Genito Glenn, L.P. v. National Housing Building Corp.

50 Va. Cir. 71, 1999 Va. Cir. LEXIS 389
CourtVirginia Beach County Circuit Court
DecidedMay 14, 1999
DocketCase No. (Law) CL98-2847
StatusPublished
Cited by5 cases

This text of 50 Va. Cir. 71 (Genito Glenn, L.P. v. National Housing Building Corp.) is published on Counsel Stack Legal Research, covering Virginia Beach County Circuit Court primary law. Counsel Stack provides free access to over 12 million legal documents including statutes, case law, regulations, and constitutions.

Bluebook
Genito Glenn, L.P. v. National Housing Building Corp., 50 Va. Cir. 71, 1999 Va. Cir. LEXIS 389 (Va. Super. Ct. 1999).

Opinion

By Judge H. Thomas Padrick, Jr.

This matter is before the court on Defendants’ demurrers to Plaintiff, Genito Glenn’s (“Plaintiffs” or “Genito’s”) amended motion for judgment. Genito seeks recovery in excess of ten million dollars for damages allegedly sustained when certain fill material applied during the construction of its multi-family housing project expanded causing the foundations in the dwellings to crack. This swelling ultimately rendered the dwellings uninhabitable. As a consequence, the apartments will have to be demolished, the filler removed, and the project rebuilt.

Plaintiff seeks to impose its costs on several parties, beginning with the general contractor, Defendant National Housing Building Corp. (“NHBC”). Genito also filed suit against Defendant S. W. Rogers, Inc. (“Rogers”), the subcontractor responsible for the site development work, i.e., excavation, soil distribution, and the filling and grading of the project.
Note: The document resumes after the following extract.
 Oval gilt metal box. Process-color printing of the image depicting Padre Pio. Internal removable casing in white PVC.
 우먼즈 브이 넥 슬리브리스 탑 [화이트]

In addition, Genito filed suit against Defendant Timmons, Inc. (“Timmons”), the firm responsible for developing the plans and site specifications, and Defendant Peter J. Fanara, a professional engineer employed by Timmons to perform the engineering [72]*72work for the project. Finally, Genito named ReUse Technology, Inc., (“ReUse”) and Cogentrix of Richmond, Inc., (“Cogentrix”) as defendants in the action. ReUse markets and sells a product known as “Xtra Fill,” the fill material which allegedly caused the damage described above. Xtra Fill is a trade marked, by-product of the coal combustion process known as “fly ash.” If properly processed and applied, fly ash can apparently be used as fill material. However, if the ash is not properly processed, it can absorb moisture for up to 800 days, resulting in severe swelling. Cogentrix supplied the fly ash to ReUse pursuant to a contract between the two parties, whereby ReUse agreed to remove the ash which it intended to resell as fill material.
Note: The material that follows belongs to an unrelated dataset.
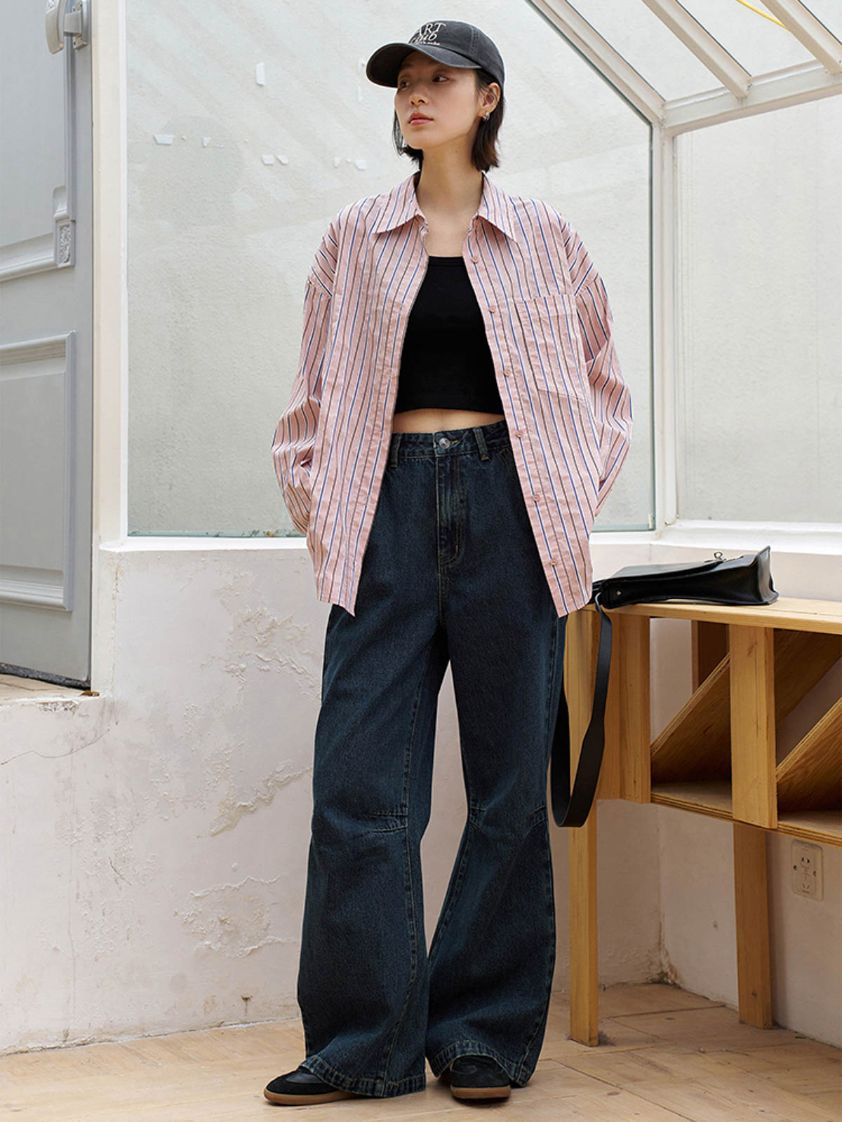 ハイウエストストレートデザイン、レトロでクールなスタイル、脚長効果あり。

Plaintiff alleges a host of theories in support of its amended motion for judgment. All of the defendants, except NHBC, filed demurrers attacking the respective counts which applied to them. In the interest of logic, the court has not necessarily addressed the various counts in the sequence in which they are raised in the amended motion for judgment.

Several of the Defendants have also filed cross-claims. I will address the demurrers to these cross-claims in Parts II and in of this opinion following my discussion of the issues raised in Genito’s amended motion for judgment.

Standard of Review

In ruling on a demurrer, the court is required to view the facts in the light most favorable to the plaintiff to determine whether the pleading states a valid cause of action. W. S. Carnes, Inc. v. Board of Supervisors of Chesterfield County, 252 Va. 377, 384 (1996). The only issue before the court is the legal sufficiency of the pleading. Id.

Legal Analysis

I. Demurrers to Genito’s Amended Motion for Judgment

A. Counts TV, VIII, IX, and XII (Negligence as to Rogers, Timmons and Fanara, ReUse, and Cogentrix)

In Counts IV, VIH, EX, and XII of its amended motion for judgment, Genito avers that Rogers, Timmons, Fanara, ReUse, and Cogentrix all negligently failed to perform certain duties in the various planning and construction stages of the project. (Amended MFJ ¶¶ 19,23,24, 27.) In each count, Genito also alleges that Defendants owed these duties to Plaintiff “separate and apart” from any contract. Defendants respond that Genito is [73]*73merely attempting to transform its cause of action ex contractu into a negligence claim in order to circumvent the economic loss rule.

Simply put, the economic loss rule prevents a party from recovering economic damages in tort upon a theory of negligence absent privity of contract. Blake Construction Co. v. Alley, 233 Va. 31 (1987). Nowhere does Genito allege that it was in privity of contract with either Rogers, Timmons, Fanara, ReUse, or Cogentrix. Thus, the only issue is whether Genito’s claims are for economic damages alone or whether they can be characterized as personal injury or property damages. See Va. Code § 8.01-223.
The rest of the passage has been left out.